Lines from the one containing "Регулятор Vitotronic 200" through the end of the material are to be retyped exactly; do not copy pictures.

Segment Open

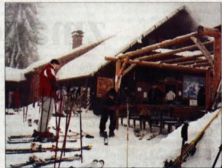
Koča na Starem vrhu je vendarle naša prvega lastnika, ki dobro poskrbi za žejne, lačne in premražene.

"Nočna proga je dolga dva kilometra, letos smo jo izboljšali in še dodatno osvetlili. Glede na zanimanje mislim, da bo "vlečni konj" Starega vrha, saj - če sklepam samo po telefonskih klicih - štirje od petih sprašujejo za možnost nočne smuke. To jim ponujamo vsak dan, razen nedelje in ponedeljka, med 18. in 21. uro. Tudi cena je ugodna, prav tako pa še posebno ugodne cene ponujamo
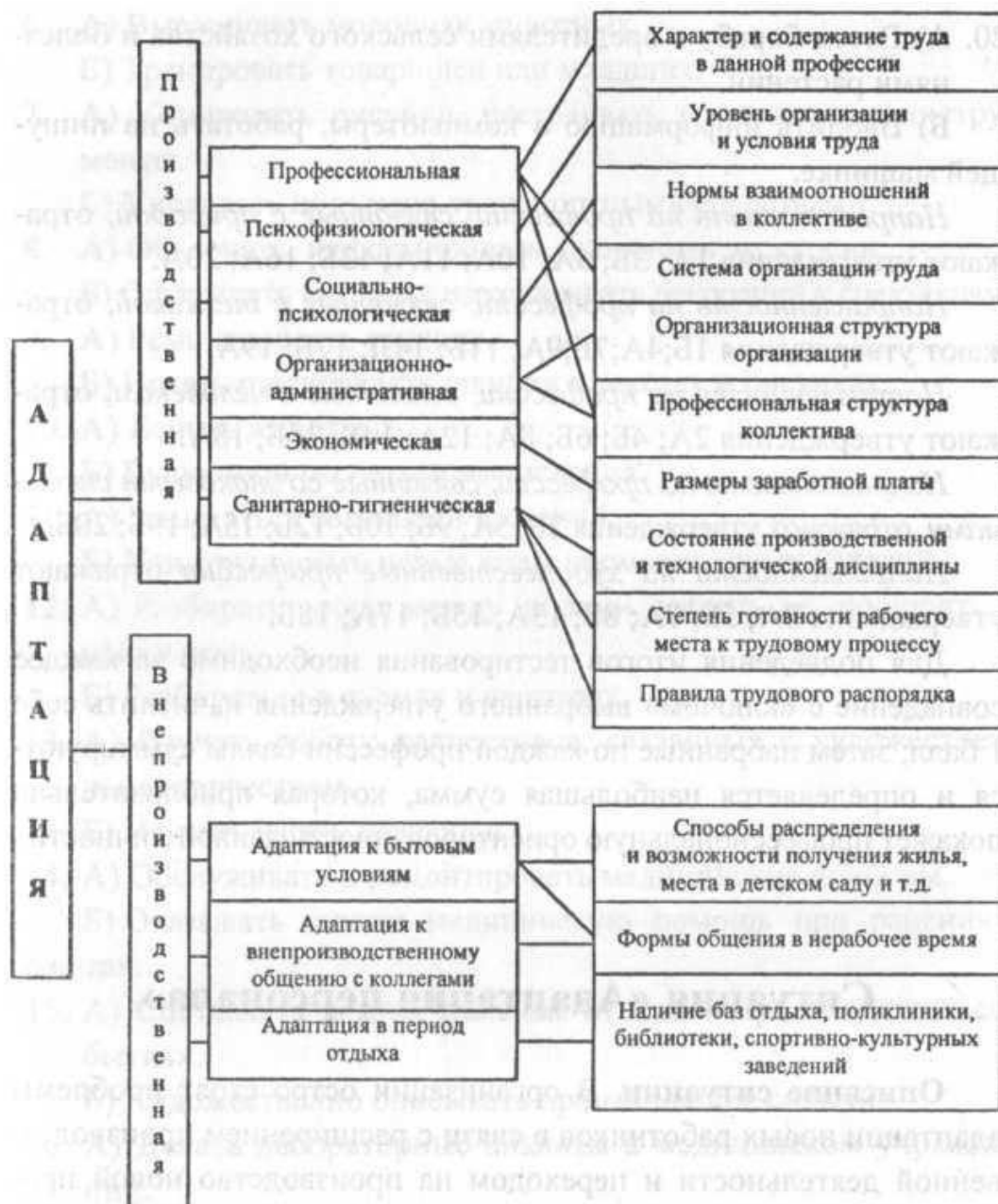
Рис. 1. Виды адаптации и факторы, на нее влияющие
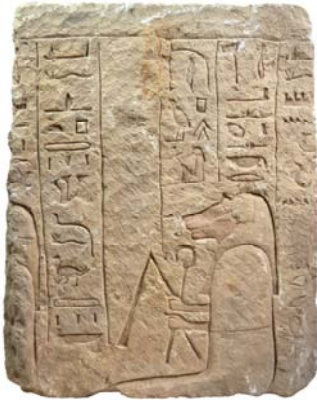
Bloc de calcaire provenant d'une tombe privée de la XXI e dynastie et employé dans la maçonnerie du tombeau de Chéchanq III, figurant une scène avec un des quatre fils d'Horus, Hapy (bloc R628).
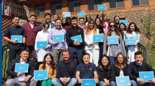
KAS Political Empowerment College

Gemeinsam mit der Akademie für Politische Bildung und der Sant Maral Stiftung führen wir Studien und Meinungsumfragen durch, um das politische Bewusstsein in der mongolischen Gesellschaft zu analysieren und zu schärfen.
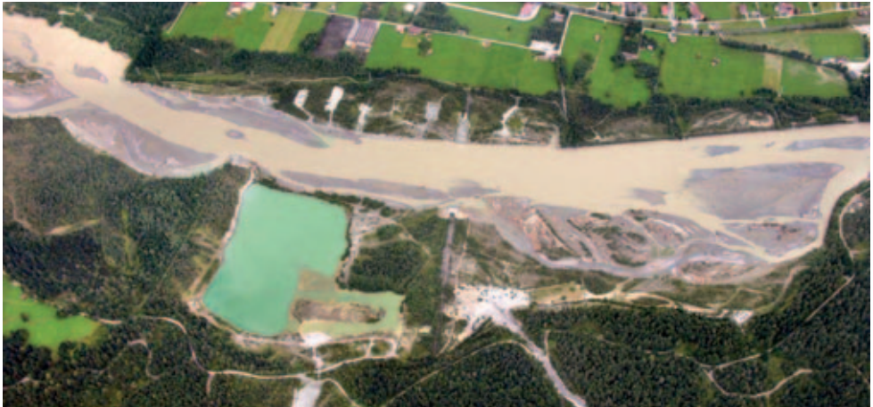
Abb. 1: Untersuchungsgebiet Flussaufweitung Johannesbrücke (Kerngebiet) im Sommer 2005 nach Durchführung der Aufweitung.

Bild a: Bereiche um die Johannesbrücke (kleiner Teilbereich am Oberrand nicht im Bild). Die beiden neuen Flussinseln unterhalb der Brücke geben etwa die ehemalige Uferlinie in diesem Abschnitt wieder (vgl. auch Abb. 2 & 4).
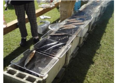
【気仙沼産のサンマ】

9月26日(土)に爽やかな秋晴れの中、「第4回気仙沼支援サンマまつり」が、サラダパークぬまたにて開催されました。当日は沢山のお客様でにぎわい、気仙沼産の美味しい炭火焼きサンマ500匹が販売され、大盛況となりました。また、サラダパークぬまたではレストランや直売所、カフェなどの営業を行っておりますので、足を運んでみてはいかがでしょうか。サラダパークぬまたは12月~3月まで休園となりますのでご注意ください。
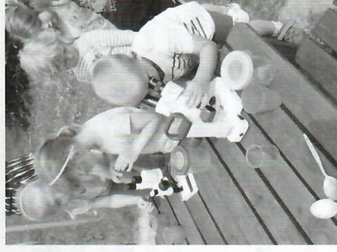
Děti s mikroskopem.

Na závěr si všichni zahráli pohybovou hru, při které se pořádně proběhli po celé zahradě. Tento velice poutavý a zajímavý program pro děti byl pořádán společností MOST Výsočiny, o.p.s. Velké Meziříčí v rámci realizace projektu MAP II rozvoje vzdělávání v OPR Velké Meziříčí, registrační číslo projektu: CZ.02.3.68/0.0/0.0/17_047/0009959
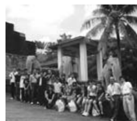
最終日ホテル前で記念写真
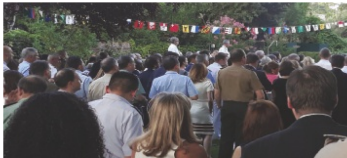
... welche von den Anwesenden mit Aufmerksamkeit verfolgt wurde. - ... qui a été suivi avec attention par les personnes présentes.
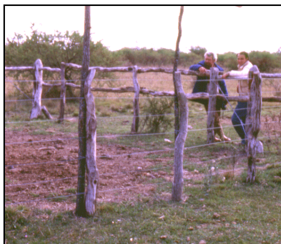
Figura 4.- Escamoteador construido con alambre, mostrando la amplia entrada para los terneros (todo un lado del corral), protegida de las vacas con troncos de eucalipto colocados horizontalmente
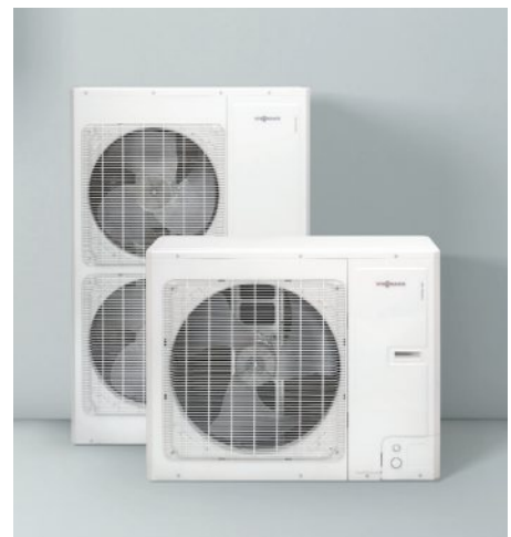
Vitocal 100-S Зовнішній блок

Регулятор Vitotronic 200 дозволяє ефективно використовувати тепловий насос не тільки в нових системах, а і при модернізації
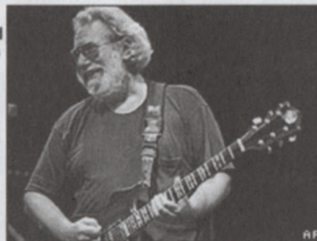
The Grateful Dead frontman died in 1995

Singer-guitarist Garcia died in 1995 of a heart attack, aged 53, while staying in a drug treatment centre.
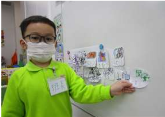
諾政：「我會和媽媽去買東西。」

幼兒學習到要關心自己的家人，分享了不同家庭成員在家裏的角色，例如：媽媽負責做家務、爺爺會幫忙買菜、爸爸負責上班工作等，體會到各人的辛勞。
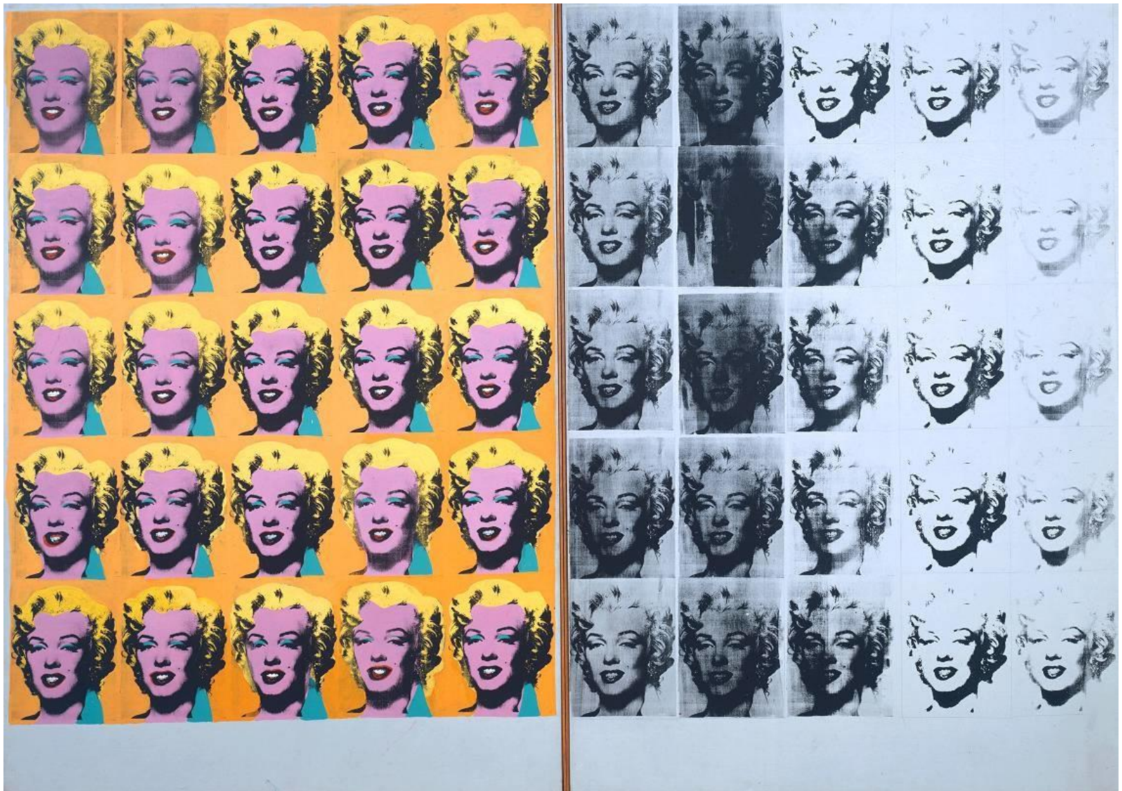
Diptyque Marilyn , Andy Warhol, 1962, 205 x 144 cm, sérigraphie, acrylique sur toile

Segment Closed

[Output of the exercise]
Регулятор Vitotronic 200 дозволяє ефективно використовувати тепловий насос не тільки в нових системах, а і при модернізації
The Grateful Dead frontman died in 1995

Singer-guitarist Garcia died in 1995 of a heart attack, aged 53, while staying in a drug treatment centre.
諾政：「我會和媽媽去買東西。」

幼兒學習到要關心自己的家人，分享了不同家庭成員在家裏的角色，例如：媽媽負責做家務、爺爺會幫忙買菜、爸爸負責上班工作等，體會到各人的辛勞。
Diptyque Marilyn , Andy Warhol, 1962, 205 x 144 cm, sérigraphie, acrylique sur toile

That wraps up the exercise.